What Happened
A new open-source project called CloakPipe appeared on Hacker News on March 6, 2026. It's a Rust proxy that sits between your application and any OpenAI-compatible API, detecting sensitive entities in requests and replacing them with consistent pseudonyms before the request reaches the LLM provider.
The key word is "consistent" - the same input always maps to the same token. "Tata Motors" always becomes "ORG_7" across every request. This means embeddings and vector search still work because the semantic structure is preserved, but the actual entity values never leave your infrastructure.
CloakPipe detects API keys, JWTs, email addresses, IP addresses, financial amounts, and fiscal dates. It encrypts its mapping vault with AES-256-GCM and claims under 5 milliseconds of added latency per request. The proxy handles streaming responses too, rehydrating pseudonyms across SSE chunks. Custom detection rules are configurable via TOML files.
The project is available on GitHub at github.com/rohansx/cloakpipe.
Why It Matters
Every time you send a prompt to an LLM API, that request passes through multiple systems: embedding APIs, cloud vector databases, the LLM provider itself. Each hop is a potential data leak. This is the core problem that's keeping many enterprises from fully adopting LLM-powered workflows, and it's a legitimate concern for individual developers handling client data too.

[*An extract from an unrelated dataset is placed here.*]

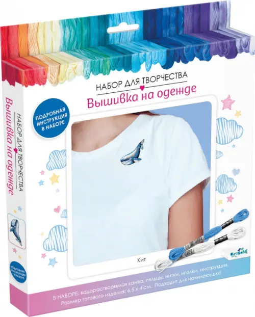 Набор для творчества. Вышивка на одежде — «Кит» это готовый комплект для создания уникальных дизайнов на одежде. В набор входят пяльцы, водорастворимая канва с нанесенным контуром рисунка, нитки мулине, иголка, инструкция по созданию дизайнов. Вышивка гладью - это техника, при которой нитки проходят сквозь ткань и создают рисунок, который можно использовать для украшения одежды, сумок, шарфов и других аксессуаров. Набор для творчества подходит как для начинающих, так и для опытных мастеров, которые хотят создать оригинальные и уникальные вещи. В процессе вышивания вы получите не только красивые вещи, но и удовольствие от процесса творчества.

Existing approaches to this problem tend to break things. Stripping entities entirely destroys context the model needs. Encryption makes the text meaningless to the LLM. Full on-premise deployment is expensive and limits model choice. CloakPipe's pseudonymization approach tries to thread the needle - the model sees structurally valid text with fake entities, produces a response using those fake entities, and the proxy swaps the real values back in.
For anyone building LLM-powered tools that process customer data, financial records, or internal communications, this addresses a real compliance pain point.
Our Take
The approach is clever and the engineering choices are solid. Rust for a proxy that needs to add minimal latency is the right call. Deterministic pseudonymization that preserves semantic structure is a better solution than the "just anonymize everything" approaches we've seen before.
But there are important caveats. Entity detection is only as good as its rules. If CloakPipe misses a sensitive value - a customer name in an unusual format, a proprietary term the TOML rules don't cover - that data goes straight to the API. You can't treat this as a compliance guarantee without thorough testing against your actual data patterns.
The 5ms overhead claim is impressive if it holds under load with complex detection rules. For most applications, that's negligible.
The bigger question is whether pseudonymization is sufficient for your compliance requirements. Some regulations require that sensitive data never leaves certain network boundaries, period. A proxy that replaces "John Smith" with "PERSON_3" still sends the surrounding context, which might itself be revealing.
That said, for teams that are currently sending raw data to LLM APIs with no protection at all - and there are a lot of them - CloakPipe is a meaningful improvement that takes minutes to deploy. It's not a complete privacy solution, but it's a practical step in the right direction.